Make an exact copy of all the data, pictures excluded.

=== Supplied data ===

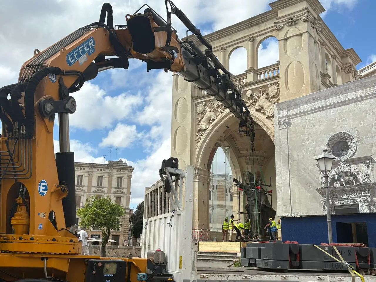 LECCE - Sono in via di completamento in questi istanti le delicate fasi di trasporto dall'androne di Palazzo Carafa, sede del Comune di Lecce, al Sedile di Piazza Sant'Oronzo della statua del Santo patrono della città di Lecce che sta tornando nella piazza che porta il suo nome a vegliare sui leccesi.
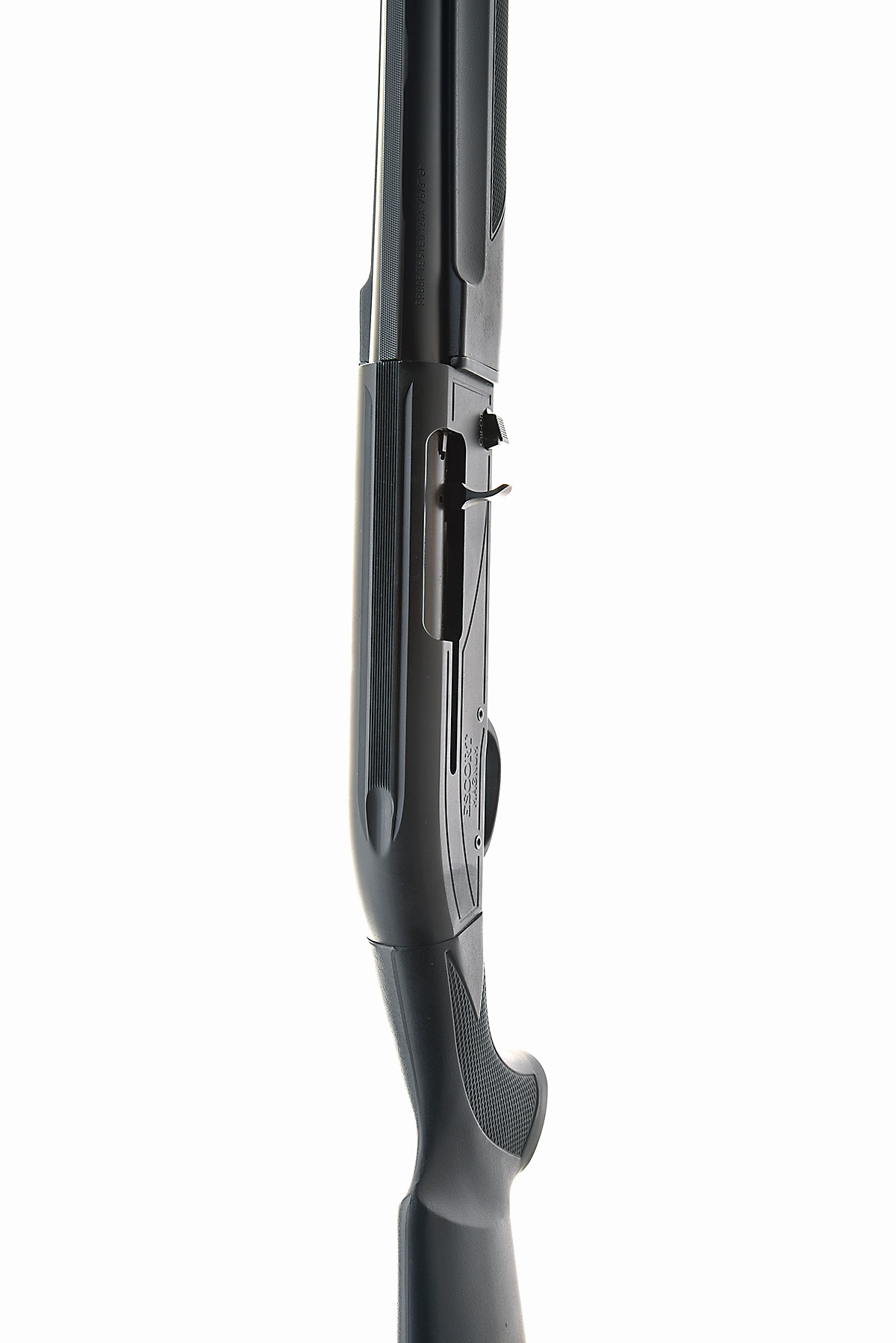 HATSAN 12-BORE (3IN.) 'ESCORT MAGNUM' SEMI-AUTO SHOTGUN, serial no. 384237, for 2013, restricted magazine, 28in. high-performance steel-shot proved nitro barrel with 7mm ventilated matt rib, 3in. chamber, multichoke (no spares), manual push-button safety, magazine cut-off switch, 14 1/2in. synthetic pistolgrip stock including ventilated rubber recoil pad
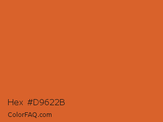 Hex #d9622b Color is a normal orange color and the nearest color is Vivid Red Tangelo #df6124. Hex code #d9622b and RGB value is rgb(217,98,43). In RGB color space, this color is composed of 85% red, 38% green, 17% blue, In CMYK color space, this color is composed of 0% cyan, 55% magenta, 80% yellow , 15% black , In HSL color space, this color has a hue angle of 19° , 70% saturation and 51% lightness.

===

#### Solution for this exercise
 LECCE - Sono in via di completamento in questi istanti le delicate fasi di trasporto dall'androne di Palazzo Carafa, sede del Comune di Lecce, al Sedile di Piazza Sant'Oronzo della statua del Santo patrono della città di Lecce che sta tornando nella piazza che porta il suo nome a vegliare sui leccesi.
 HATSAN 12-BORE (3IN.) 'ESCORT MAGNUM' SEMI-AUTO SHOTGUN, serial no. 384237, for 2013, restricted magazine, 28in. high-performance steel-shot proved nitro barrel with 7mm ventilated matt rib, 3in. chamber, multichoke (no spares), manual push-button safety, magazine cut-off switch, 14 1/2in. synthetic pistolgrip stock including ventilated rubber recoil pad
 Hex #d9622b Color is a normal orange color and the nearest color is Vivid Red Tangelo #df6124. Hex code #d9622b and RGB value is rgb(217,98,43). In RGB color space, this color is composed of 85% red, 38% green, 17% blue, In CMYK color space, this color is composed of 0% cyan, 55% magenta, 80% yellow , 15% black , In HSL color space, this color has a hue angle of 19° , 70% saturation and 51% lightness.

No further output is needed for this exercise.